In just his fifth Shield appearance, Konstas plundered 13 boundaries and four sixes in his maiden century that was characterised by precision driving through the off-side when SA’s bowlers offered him width.

But the opener, whose batting coach is former Bangladesh first-class player Tahmid Islam with ex-Australia allrounder Shane Watson enlisted as a mindfulness mentor, also showed a preparedness to latch on to anything short as well as deft footwork against spin.

All of Konstas’s four sixes in the first innings were the result of hefty blows over mid-on and mid-wicket, and it was another slog-sweep beyond the boundary off Ben Manenti that carried him to his historic hundred today.

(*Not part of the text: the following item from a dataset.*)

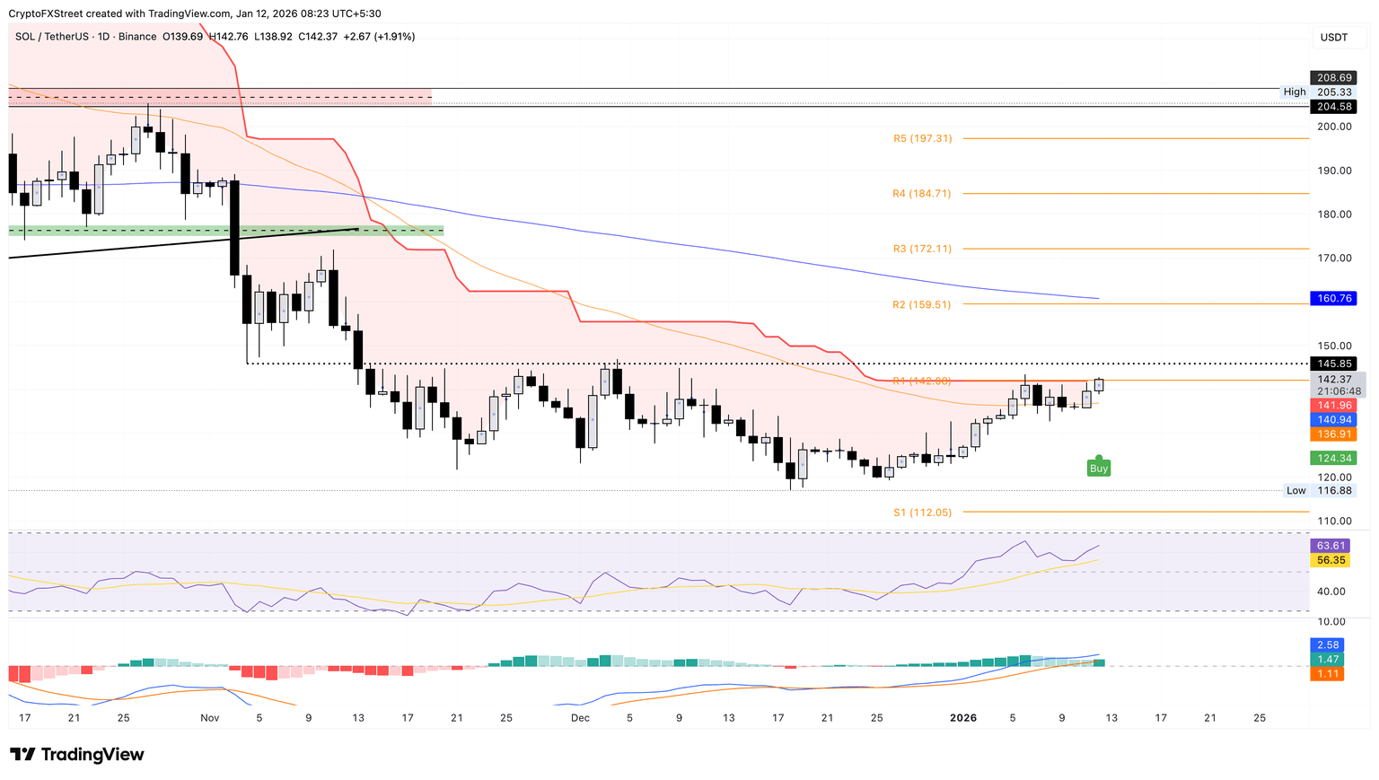 SOL is trading above the R1 Pivot Point at $142 on the daily chart. The Supertrend indicator crossed into bullish territory, generating a buy signal. This technical setup suggests upward momentum.

Even before that ball had landed at deep mid-wicket he was walking towards his NSW teammates in the dug-out, proudly pointing to the Blues logo on his shirt.

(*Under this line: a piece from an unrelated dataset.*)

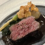 コースのメインは黒毛和牛のステーキや赤ワイン煮込みがよく出される。この月は、旨味の強いイチボのステーキ。肉料理の付け合わせには、野菜がたっぷり添えられているのもエッフェの魅力。「赤ワインと楽しんでいただきたいので、味付けは赤ワインソースにしています」と智一シェフ。
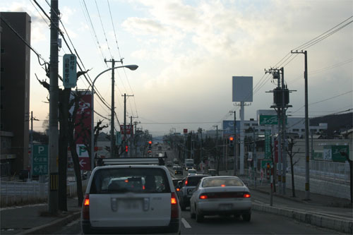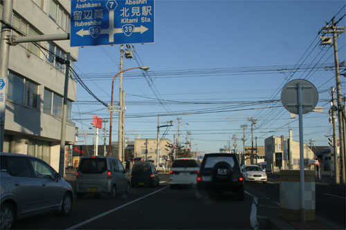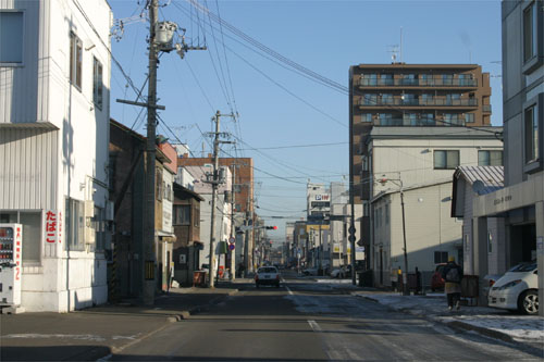 午前9時50分、常盤通り、北見市民会館前から国道39号方向

By dint of his exploits on day one of the Shield season, Konstas had become the youngest New South Wales batter since Kurtis Patterson (in 2011-12) to post a score of 150 or more.

Patterson, the most recent Blues’ player to earn a Baggy Green Cap when called up against Sri Lanka in 2019, was aged 18 years 236 days when he scored 157 against WA at the SCG.

And only two other players – Marcus Harris (157 for WA against Queensland in 2010-11) and Clem Hill (206no for SA against NSW at the SCG in 1895-96) can claim a Shield score of 150-plus before turning 19.

Unlike his largely flawless 152 on Tuesday, Kostas received a couple of reprieves during his innings of almost five hours today.

He was missed before he had scored when Test keeper Alex Carey dropped a chest-high chance off Nathan McAndrew in the second over of the Blues’ innings.

And on 21 he miscued a pull off Brendan Doggett that narrowly eluded Henry Hunt who dived full length forward after sprinting in from the deep mid-wicket boundary.

But for much of the remainder of his stay, the prolific runs scorer in Sydney’s under-age competitions since age 10 remained in control and unfazed until he unselfishly holed out to deep mid-off chasing quick runs asa declaration loomed.

“Sam Konstas is, from a batting perspective, one of the most mature young players I’ve come across,” NSW coach Greg Shipperd had earlier told cricket.com.au ahead of the current season getting underway.

“He’s got a real poise about himself at the crease.

“But equally, he’s got a really open mind about batting.

“His work ethic is terrific.

“So he’s fitted into our team like a glove, and there’s just an assuredness about his game.

“I think he can go all the way – I’m fairly confident of that.”